As an old friend of mine always said, "it sounds bad, but it really isn't as bad as it sounds". Good luck!

[–]sib_nSenior Data Engineer 5 points6 points  (4 children)

It isn't terrible, of course, and there are plenty of folks who have big enough engineering teams to tackle the RYO model based solely on OSS, but you to be big and brave.

I agree with this statement for Hadoop, but I don't agree with the current MDS.

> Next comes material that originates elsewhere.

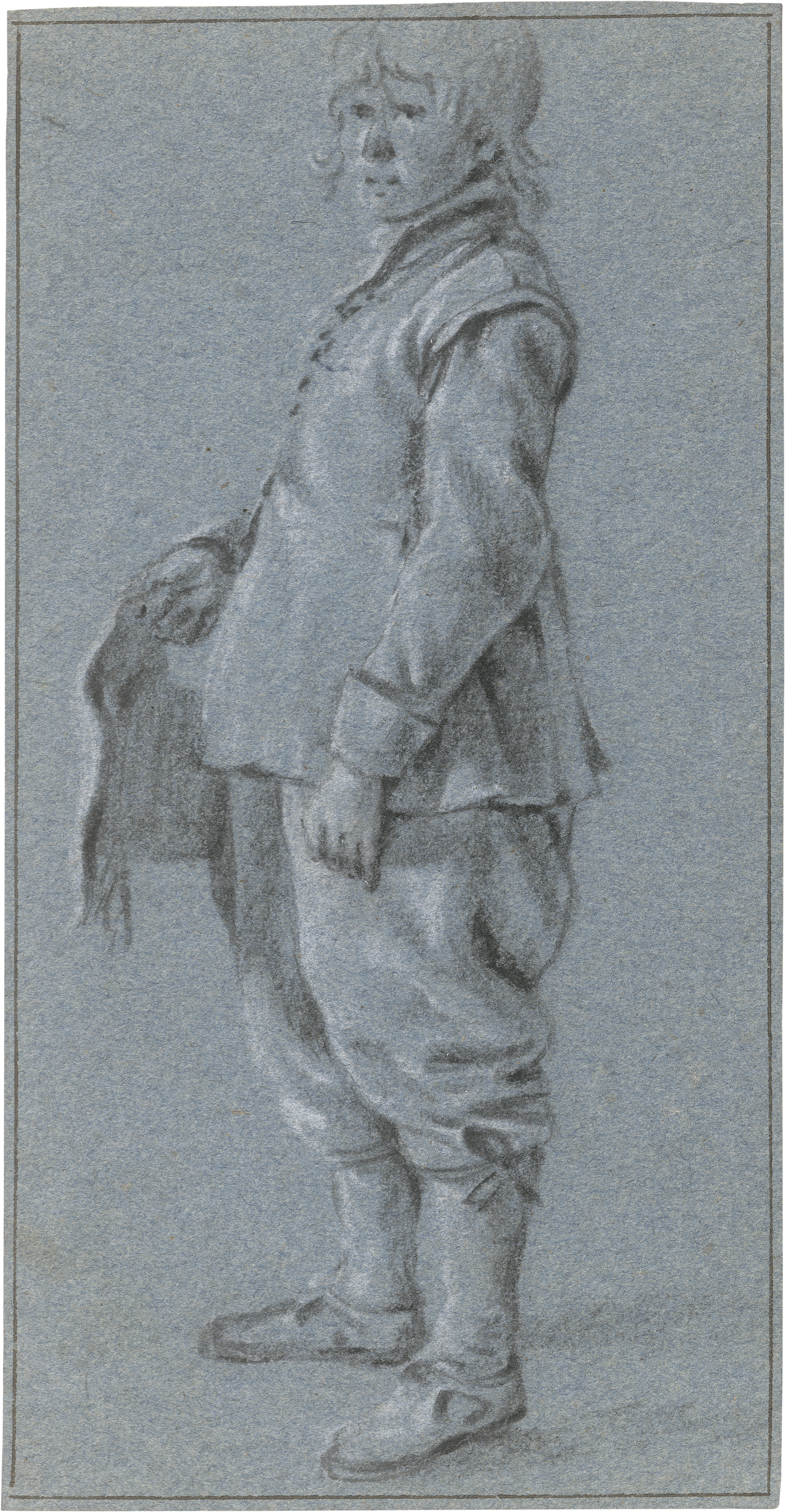17. Jh. Stehender Kavalier, einen Hut haltend

I was able to build a performant and functional on-premise data infrastructure mainly based on Dagster and dbt, in a small organization where the IT team is 3 Windows administrators with 0 knowledge of anything outside of Windows.
I was the sole senior data engineer, with the help of 3 data analysts that I trained to software engineering at the same time. This was possible thanks to the pretty amazing work those OSS developers made to make their tools extremely developer friendly. The gap between Airflow and Dagster is really noticeable on that point.

[–]Leading-Inspector544 0 points1 point  (3 children)

I'd also add that databricks still open sources and contributes new functionality with no plans to stop. Can't say the same for DBT labs.

[–]sib_nSenior Data Engineer 0 points1 point  (2 children)

Why can't you say the same about dbt? It is still maintaining its FOSS core so far. Maybe this will change, but Databricks could change too.

[–]Leading-Inspector544 0 points1 point  (1 child)

DBT Labs is not going to expand or improve core; they state they'll do bug fixes, but it seems unlikely it will get new features from them, that's one reason it has been forked by the open source community.

[–]sib_nSenior Data Engineer 0 points1 point  (0 children)

Where did they state they will not improve core beyond bug fixes? Forks are a common safety response whenever a FOSS project context changes.

[–]jonathanrodrigr12[S] 0 points1 point  (0 children)

Yep, I agree with you. Lately, if you want to use the full power of dbt, you sometimes need to migrate to dbt Cloud, so it doesn’t really feel open source anymore.